- What is needed:
Starting at the line that contains "平川滋子 《光合成の木》 2006年 (市庁舎公園、フランス、アルジャントウイユ市)" and stopping at the line that contains "自社製品であり、運用するデー", transcribe every line of the material below exactly; pictures stay out.

- Supplied entries:
____________________

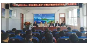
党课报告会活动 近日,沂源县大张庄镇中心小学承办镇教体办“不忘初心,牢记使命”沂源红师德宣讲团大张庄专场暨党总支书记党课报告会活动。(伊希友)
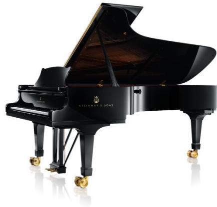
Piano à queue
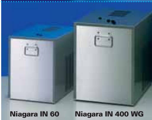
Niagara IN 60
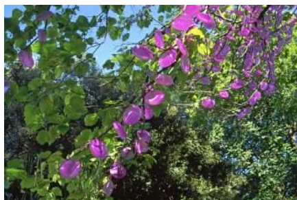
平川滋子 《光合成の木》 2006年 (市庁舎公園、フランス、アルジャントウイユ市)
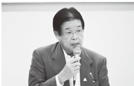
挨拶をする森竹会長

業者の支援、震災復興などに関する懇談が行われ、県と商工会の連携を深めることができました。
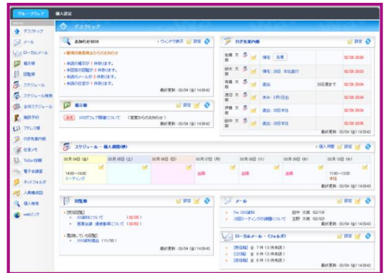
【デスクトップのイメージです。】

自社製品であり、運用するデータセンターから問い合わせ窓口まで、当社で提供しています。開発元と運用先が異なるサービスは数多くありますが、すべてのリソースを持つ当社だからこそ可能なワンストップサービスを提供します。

____________________

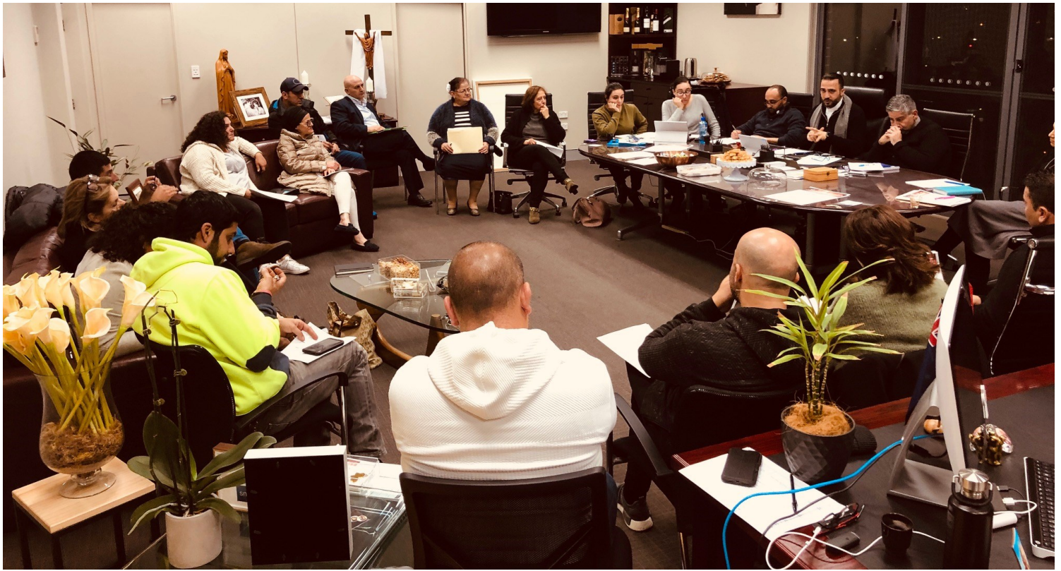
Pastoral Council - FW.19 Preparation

____________________

- Completed exercise:
平川滋子 《光合成の木》 2006年 (市庁舎公園、フランス、アルジャントウイユ市)
挨拶をする森竹会長

業者の支援、震災復興などに関する懇談が行われ、県と商工会の連携を深めることができました。
【デスクトップのイメージです。】

自社製品であり、運用するデータセンターから問い合わせ窓口まで、当社で提供しています。開発元と運用先が異なるサービスは数多くありますが、すべてのリソースを持つ当社だからこそ可能なワンストップサービスを提供します。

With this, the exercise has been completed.